Reputation: 326
I would like to calculate the first difference in a variable if either the current value or the lag value is missing. The R diff() function returns NA if either value is missing. Can this behavior be changed?
data <- c(5, NA, NA, 10, 25)
diff_i_want <- c(-5, NA, 10, 15)
diff_i_get <- diff(data)
identical(diff_i_want, diff_i_get)
Upvotes: 1
Views: 5036
Reputation: 6459
you can replace NA
's by zeros:
x <- c(5, NA, NA, 10, 25)
> diff("[<-"(x, is.na(x), 0))
[1] -5 0 10 15
Admittedly, this is different from your diff_i_want
... but I'm not sure of your logic. How do you get -5
as the first element of your answer? Why -5
? The only way to get there is to implicitly replace NA
by zero. So if you do this replacement there, why don't you replace the next element?
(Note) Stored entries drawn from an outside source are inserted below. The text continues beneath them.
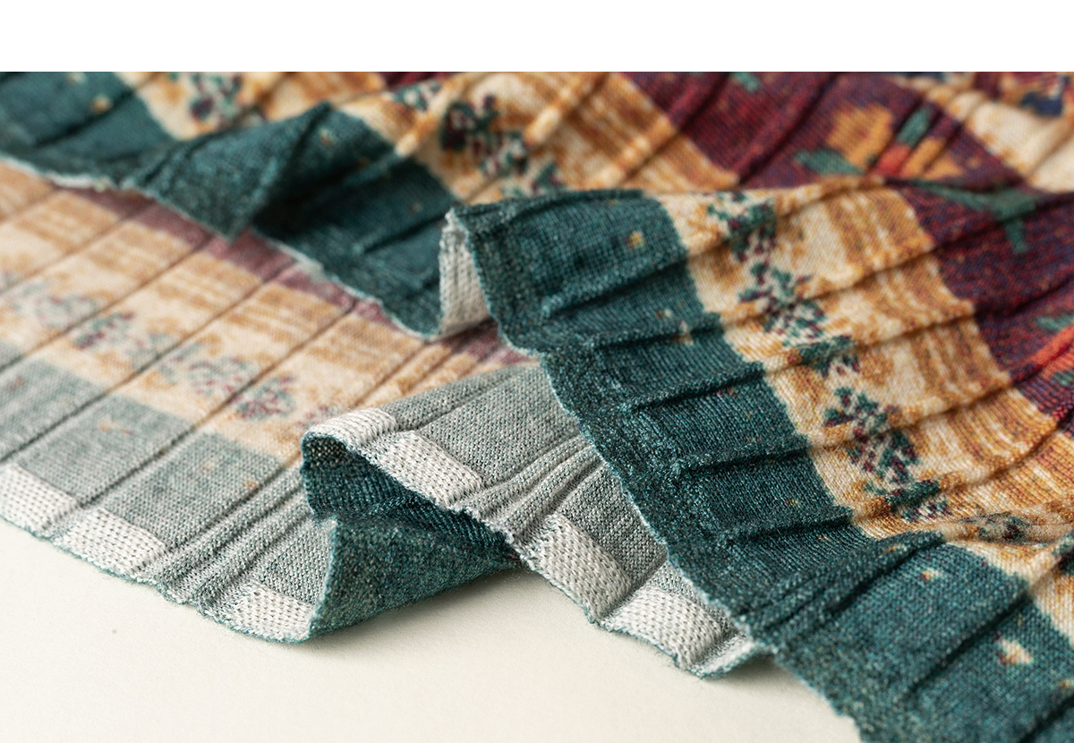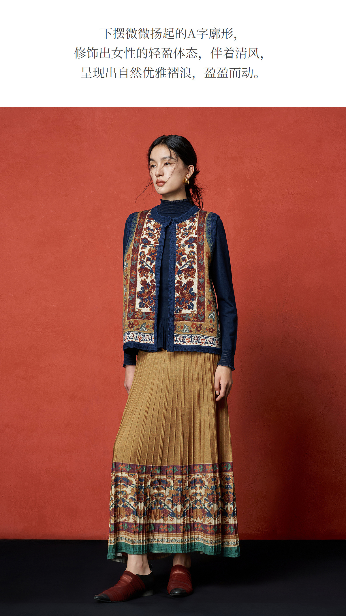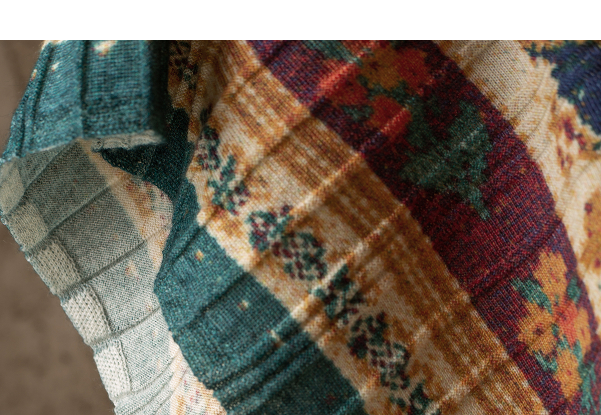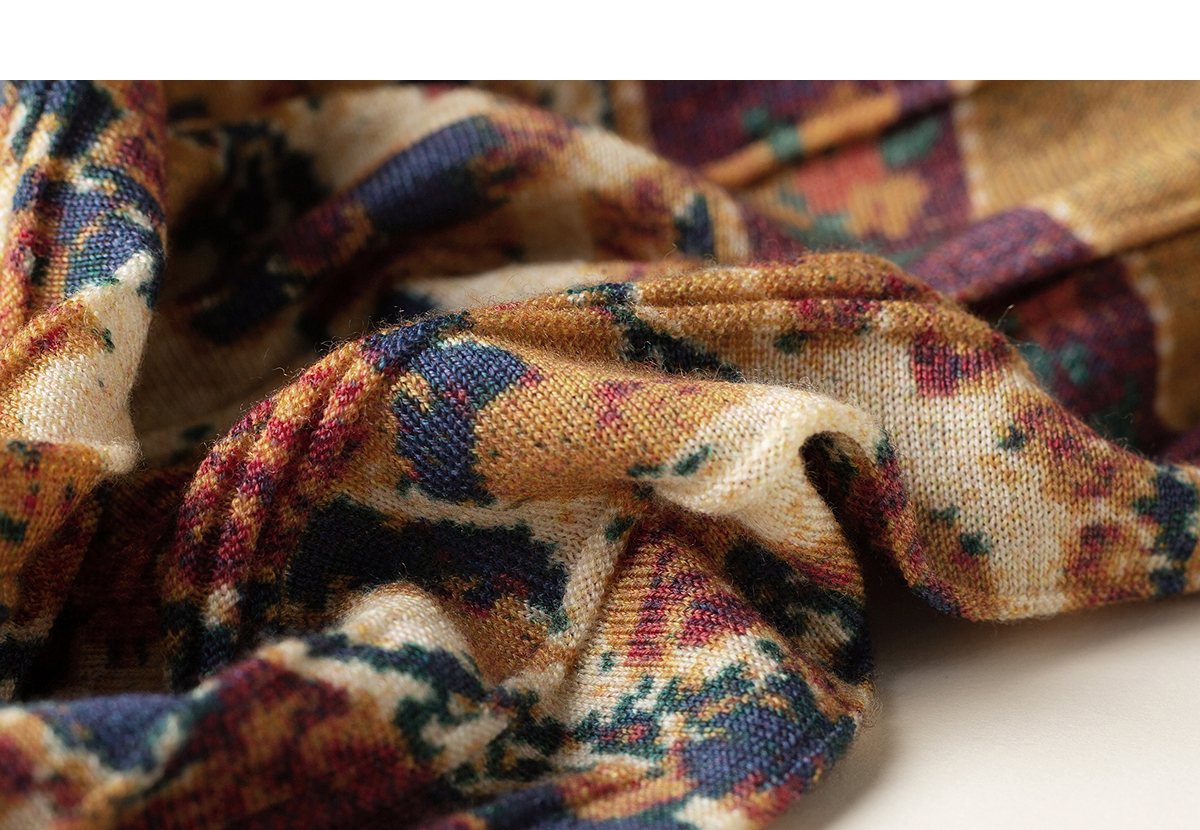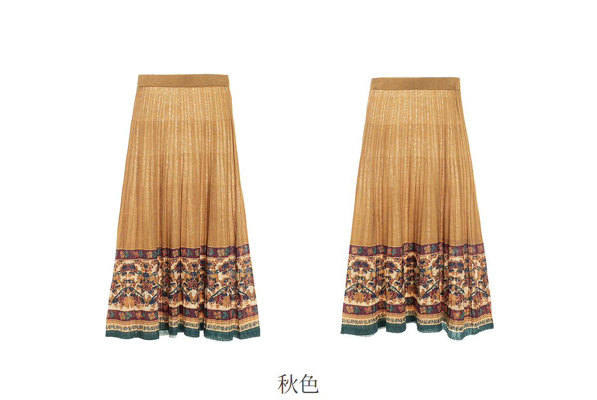 【林栖设计小店】秋色绵羊毛鸳鸯印花毛织半身裙褶皱复古百搭2025秋冬新款长裙子女T1954285
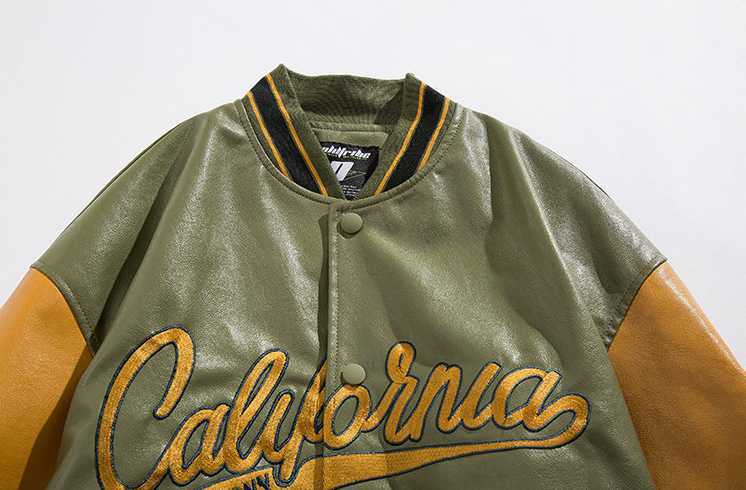 メンズ フェイクレザーフロントロゴ刺繍スタジャン
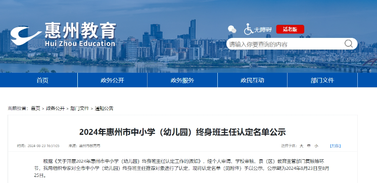 公示原文如下:2024年惠州市中小學(幼兒園)終身班主任認定名單公示
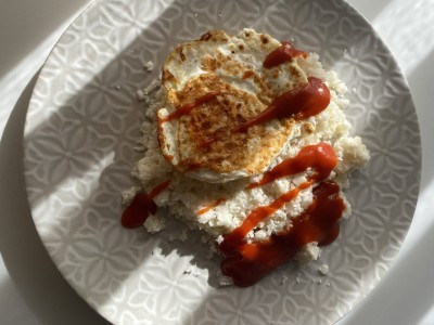 Un arroz a la cubana sin arroz y de temporada! Rapidísimo de preparar, sabroso y saciante. Un buen plato de coliarroz solo nos aporta 0,5 raciones de Hidratos de carbono.
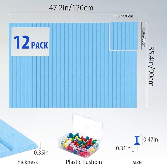 • Enhanced Package:12 pieces of 11.8"x11.8" Large Cork Board for Walls,A box of push pins, pinseasy to customize to any size you need. Very suitable for creating unique layouts that traditional hardwood boards cannot match.
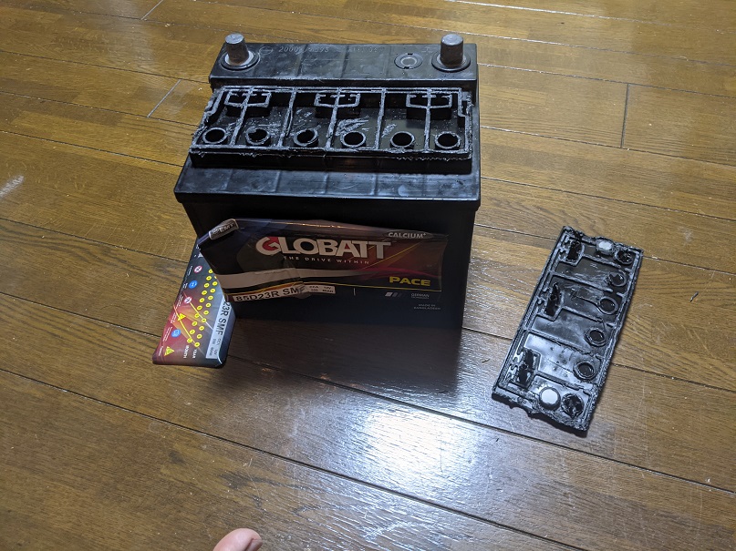 さて、この古いバッテリーだが、メンテナンスフリーのシールドバッテリーのため、補水不要となっている。でもパナのカオスとかはメンテナンスフリーでも補水できる仕組み(延命可能)になっているので、このGLOBATTも延命を試みた。

Though your desired answer doesn't make much sense to me, it is possible to obtain it e.g. using zoo::rollapply
:
# first define a function that takes a vector of length 2
# ... and will output the difference if no more than 1 of the values is missing
weirddiff <- function(x) {
if(any(is.na(x)) && !all(is.na(x))) x[is.na(x)] <- 0
x[2] - x[1]
}
Now we can use rollapply
with the window set to 2
:
library(zoo)
rollapply(x,2,weirddiff)
[1] -5 NA 10 15
Upvotes: 3
Reputation: 9313
Here is a way:
data <- c(5, NA, NA, 10, 25)
data2 = data
data2[is.na(data2)] = 0
diffData2 = diff(data2)
diffData2[diff(is.na(data))==0 & is.na(data[-1])] = NA
> diffData2
[1] -5 NA 10 15
First make a copy the data to data2, set all NAs to 0 and then diff. At the last step put back all NAs into the calculated diff.
Upvotes: 1